[Task statement]:
Please write out all the entries exactly, without the pictures.

(Collected data)
++++++++

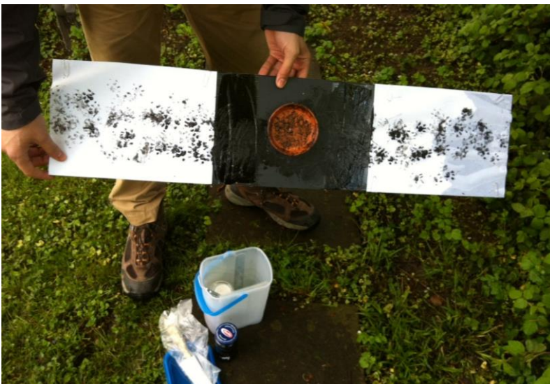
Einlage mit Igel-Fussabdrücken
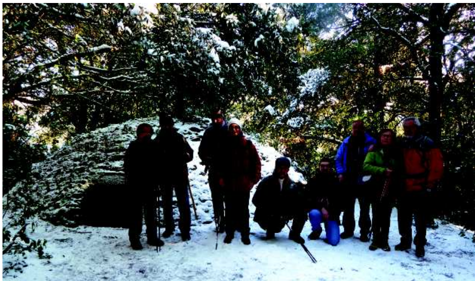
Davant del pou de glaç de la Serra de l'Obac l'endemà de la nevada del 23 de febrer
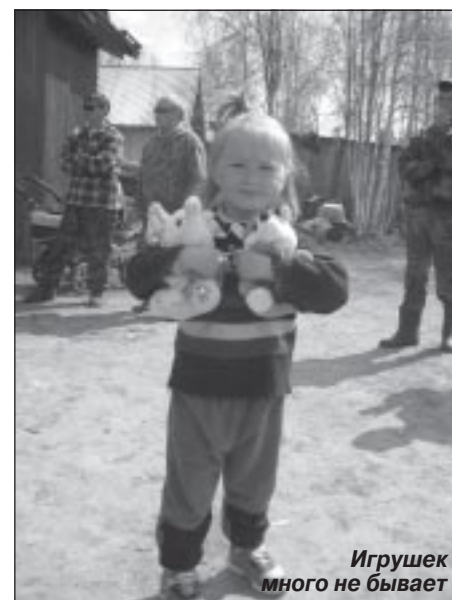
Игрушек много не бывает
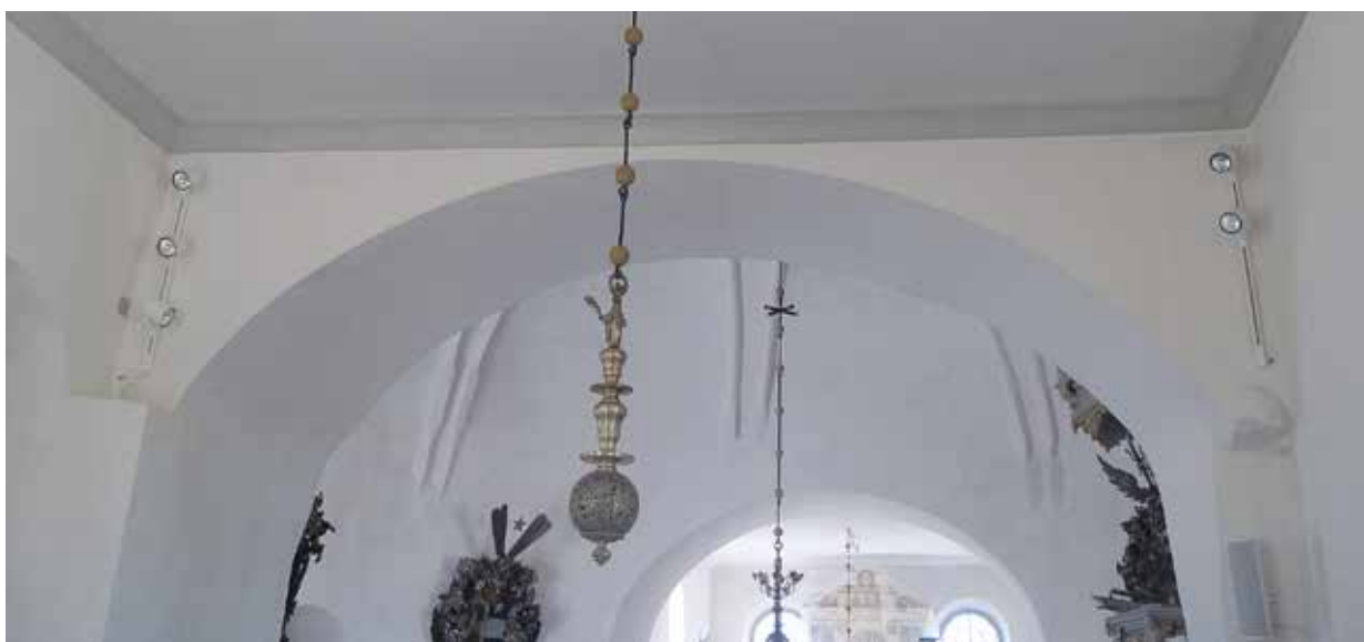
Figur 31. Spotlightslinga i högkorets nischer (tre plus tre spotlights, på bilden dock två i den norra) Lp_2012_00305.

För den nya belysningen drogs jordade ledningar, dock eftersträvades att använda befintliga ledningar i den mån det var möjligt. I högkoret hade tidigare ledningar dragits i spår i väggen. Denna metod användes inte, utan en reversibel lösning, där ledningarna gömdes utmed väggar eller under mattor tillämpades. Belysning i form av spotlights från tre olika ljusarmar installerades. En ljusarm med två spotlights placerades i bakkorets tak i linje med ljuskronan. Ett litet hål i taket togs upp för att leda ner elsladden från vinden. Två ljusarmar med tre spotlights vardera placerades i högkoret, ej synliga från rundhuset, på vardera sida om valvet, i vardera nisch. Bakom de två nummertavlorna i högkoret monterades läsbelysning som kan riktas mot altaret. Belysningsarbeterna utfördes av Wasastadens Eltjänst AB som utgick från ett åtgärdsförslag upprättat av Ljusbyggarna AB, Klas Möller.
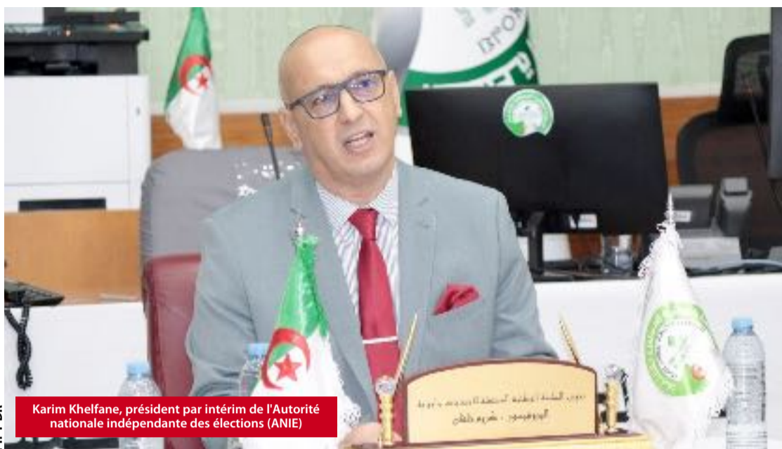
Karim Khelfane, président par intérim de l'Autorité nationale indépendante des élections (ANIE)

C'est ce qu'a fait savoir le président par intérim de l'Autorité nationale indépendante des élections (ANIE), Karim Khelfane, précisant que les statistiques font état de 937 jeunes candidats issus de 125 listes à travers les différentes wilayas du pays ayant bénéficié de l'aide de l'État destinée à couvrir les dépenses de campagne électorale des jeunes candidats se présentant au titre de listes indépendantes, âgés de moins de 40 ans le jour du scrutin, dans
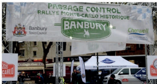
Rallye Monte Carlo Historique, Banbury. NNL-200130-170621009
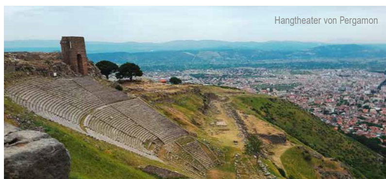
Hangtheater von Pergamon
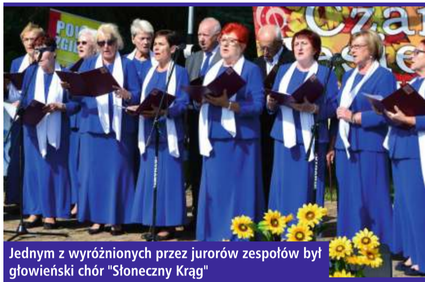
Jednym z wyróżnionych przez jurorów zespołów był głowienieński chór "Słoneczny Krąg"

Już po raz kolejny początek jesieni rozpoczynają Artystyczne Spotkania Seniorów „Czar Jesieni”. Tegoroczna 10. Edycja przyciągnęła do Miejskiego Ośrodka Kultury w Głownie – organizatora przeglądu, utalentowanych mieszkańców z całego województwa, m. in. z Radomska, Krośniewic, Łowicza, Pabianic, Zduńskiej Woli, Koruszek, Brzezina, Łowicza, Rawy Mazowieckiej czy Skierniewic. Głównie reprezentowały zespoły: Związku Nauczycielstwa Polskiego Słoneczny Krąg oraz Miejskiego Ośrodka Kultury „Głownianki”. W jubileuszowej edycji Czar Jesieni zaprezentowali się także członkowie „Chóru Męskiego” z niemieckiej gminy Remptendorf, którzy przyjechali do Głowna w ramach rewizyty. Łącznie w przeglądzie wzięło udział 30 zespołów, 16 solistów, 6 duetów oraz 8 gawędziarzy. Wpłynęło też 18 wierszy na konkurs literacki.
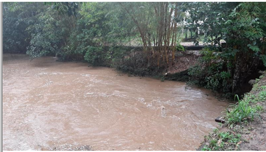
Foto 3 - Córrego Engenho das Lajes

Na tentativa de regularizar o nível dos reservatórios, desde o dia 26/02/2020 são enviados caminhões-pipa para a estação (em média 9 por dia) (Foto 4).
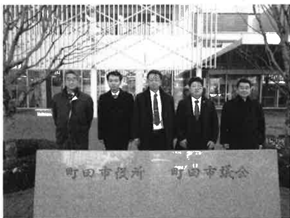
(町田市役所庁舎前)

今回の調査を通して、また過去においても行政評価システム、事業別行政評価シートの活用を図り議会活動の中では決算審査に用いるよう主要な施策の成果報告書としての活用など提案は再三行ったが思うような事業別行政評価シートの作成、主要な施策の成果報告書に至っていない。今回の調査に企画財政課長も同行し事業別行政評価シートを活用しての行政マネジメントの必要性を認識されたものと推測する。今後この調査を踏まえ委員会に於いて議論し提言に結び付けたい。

++++++++

[Solution to the exercise]:
Einlage mit Igel-Fussabdrücken
Davant del pou de glaç de la Serra de l'Obac l'endemà de la nevada del 23 de febrer
Игрушек много не бывает
Figur 31. Spotlightslinga i högkorets nischer (tre plus tre spotlights, på bilden dock två i den norra) Lp_2012_00305.

För den nya belysningen drogs jordade ledningar, dock eftersträvades att använda befintliga ledningar i den mån det var möjligt. I högkoret hade tidigare ledningar dragits i spår i väggen. Denna metod användes inte, utan en reversibel lösning, där ledningarna gömdes utmed väggar eller under mattor tillämpades. Belysning i form av spotlights från tre olika ljusarmar installerades. En ljusarm med två spotlights placerades i bakkorets tak i linje med ljuskronan. Ett litet hål i taket togs upp för att leda ner elsladden från vinden. Två ljusarmar med tre spotlights vardera placerades i högkoret, ej synliga från rundhuset, på vardera sida om valvet, i vardera nisch. Bakom de två nummertavlorna i högkoret monterades läsbelysning som kan riktas mot altaret. Belysningsarbeterna utfördes av Wasastadens Eltjänst AB som utgick från ett åtgärdsförslag upprättat av Ljusbyggarna AB, Klas Möller.
Karim Khelfane, président par intérim de l'Autorité nationale indépendante des élections (ANIE)

C'est ce qu'a fait savoir le président par intérim de l'Autorité nationale indépendante des élections (ANIE), Karim Khelfane, précisant que les statistiques font état de 937 jeunes candidats issus de 125 listes à travers les différentes wilayas du pays ayant bénéficié de l'aide de l'État destinée à couvrir les dépenses de campagne électorale des jeunes candidats se présentant au titre de listes indépendantes, âgés de moins de 40 ans le jour du scrutin, dans
Rallye Monte Carlo Historique, Banbury. NNL-200130-170621009
Hangtheater von Pergamon
Jednym z wyróżnionych przez jurorów zespołów był głowienieński chór "Słoneczny Krąg"

Już po raz kolejny początek jesieni rozpoczynają Artystyczne Spotkania Seniorów „Czar Jesieni”. Tegoroczna 10. Edycja przyciągnęła do Miejskiego Ośrodka Kultury w Głownie – organizatora przeglądu, utalentowanych mieszkańców z całego województwa, m. in. z Radomska, Krośniewic, Łowicza, Pabianic, Zduńskiej Woli, Koruszek, Brzezina, Łowicza, Rawy Mazowieckiej czy Skierniewic. Głównie reprezentowały zespoły: Związku Nauczycielstwa Polskiego Słoneczny Krąg oraz Miejskiego Ośrodka Kultury „Głownianki”. W jubileuszowej edycji Czar Jesieni zaprezentowali się także członkowie „Chóru Męskiego” z niemieckiej gminy Remptendorf, którzy przyjechali do Głowna w ramach rewizyty. Łącznie w przeglądzie wzięło udział 30 zespołów, 16 solistów, 6 duetów oraz 8 gawędziarzy. Wpłynęło też 18 wierszy na konkurs literacki.
Foto 3 - Córrego Engenho das Lajes

Na tentativa de regularizar o nível dos reservatórios, desde o dia 26/02/2020 são enviados caminhões-pipa para a estação (em média 9 por dia) (Foto 4).
(町田市役所庁舎前)

今回の調査を通して、また過去においても行政評価システム、事業別行政評価シートの活用を図り議会活動の中では決算審査に用いるよう主要な施策の成果報告書としての活用など提案は再三行ったが思うような事業別行政評価シートの作成、主要な施策の成果報告書に至っていない。今回の調査に企画財政課長も同行し事業別行政評価シートを活用しての行政マネジメントの必要性を認識されたものと推測する。今後この調査を踏まえ委員会に於いて議論し提言に結び付けたい。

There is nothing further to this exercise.